Wu Shuiyan, Guo Xubei, Xu Zhong, Han Meilin, Huang Lili, Tao Yunzhen, Li Ying, Li Yanhong, Zhang Tao, Bai Zhenjiang
Pediatric Intensive Care Unit, Children's Hospital of Soochow University, Suzhou, Jiangsu, China.
Laboratory department, Children's Hospital of Soochow University, Suzhou, Jiangsu, China.
BMC Infect Dis. 2020 Sep 4;20(1):651. doi: 10.1186/s12879-020-05382-z.
Risk factors related to mortality due to invasive pneumococcal disease (IPD) have been unveiled previously, but early clinical manifestations of IPD based on prognosis remain uncovered.
The demographic characteristics, clinical features, serotype, antibiotic susceptibility, and outcomes of 97 hospitalized children with laboratory-confirmed IPD from Suzhou, China, were collected and analyzed retrospectively.

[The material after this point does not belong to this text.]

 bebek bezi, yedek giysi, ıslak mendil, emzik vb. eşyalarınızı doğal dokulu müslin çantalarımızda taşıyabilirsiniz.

The median age was 0.69 (0.49-1.55) years in the non-survivor group compared with 2.39 (0.90-3.81) years in the survivor group. The mortality of 97 children with laboratory-confirmed IPD was 17.5% (17/97), and 53.6% of them were aged less than 2 years. Pathogens were mainly from the blood and cerebrospinal fluid, and sepsis was the most frequent type. Statistically significant differences were found in hyperpyrexia, vomiting, anorexia, lethargy, poor perfusion of extremities, Hb level, and Plt count between the nonsurvival and survival groups. Further, the multivariate regression analysis showed that early signs, including hyperpyrexia, vomiting, anorexia, lethargy, and poor perfusion of extremities, were independent risk factors for the in-hospital mortality of children with laboratory-confirmed IPD. The mortality was also associated with antimicrobial sensitivity in pneumococcal isolates. The microbes in 1/17 (5.9%) children who were prescribed an antibiotic showed antimicrobial sensitivity in the nonsurvival group, compared with 21/80 (26.3%) children who survived. The most common serotypes identified were 6B (35.3%, 6/17), 14 (23.5%, 4/17), 19F (23.5%, 4/17), 19A (5.9%, 1/17), 23F (5.9%, 1/17), and 20 (5.9%, 1/17) in the nonsurvival group. The coverage of IPD serotypes of the 7-valent pneumococcal conjugate vaccine (PCV7) was 88.2% (15/17), while that of the 13-valent S. pneumoniae vaccine (PCV13) was 94.1% (16/17) of the coverage in the nonsurvival group.
Recurrent hyperpyrexia, vomiting, anorexia, lethargy, and poor perfusion of extremities in the early stage were independent predictors for the in-hospital mortality of children with laboratory-confirmed IPD. Appropriate use of antibiotics and PCV immunization were the keys to improve the outcome of IPD.
先前已揭示了与侵袭性肺炎球菌病(IPD)所致死亡相关的危险因素,但基于预后的IPD早期临床表现仍未被发现。
回顾性收集并分析了97例来自中国苏州的实验室确诊IPD住院儿童的人口统计学特征、临床特征、血清型、抗生素敏感性及转归情况。
非存活组儿童的中位年龄为0.69(0.49 - 1.55)岁,而存活组为2.39(0.90 - 3.81)岁。97例实验室确诊IPD儿童的死亡率为17.5%(17/97),其中53.6%年龄小于2岁。病原体主要来自血液和脑脊液,败血症是最常见的类型。非存活组和存活组在高热、呕吐、厌食、嗜睡、四肢灌注不良、血红蛋白水平及血小板计数方面存在统计学显著差异。此外,多因素回归分析显示,早期体征,包括高热、呕吐、厌食、嗜睡和四肢灌注不良,是实验室确诊IPD儿童院内死亡的独立危险因素。死亡率还与肺炎球菌分离株的抗菌敏感性有关。在非存活组中,接受抗生素治疗的1/17(5.9%)儿童的微生物显示出抗菌敏感性,而存活的儿童中有21/80(26.3%)。在非存活组中鉴定出的最常见血清型为6B(35.3%,6/17)、14(23.5%,4/17)、19F(23.5%,4/17)、19A(5.9%,1/17)、23F(5.9%,1/17)和20(5.9%,1/17)。7价肺炎球菌结合疫苗(PCV7)对IPD血清型的覆盖率在非存活组中为88.2%(15/17),而13价肺炎链球菌疫苗(PCV13)的覆盖率为94.1%(16/)。
早期反复高热、呕吐、厌食、嗜睡和四肢灌注不良是实验室确诊IPD儿童院内死亡的独立预测因素。合理使用抗生素和PCV免疫接种是改善IPD转归的关键。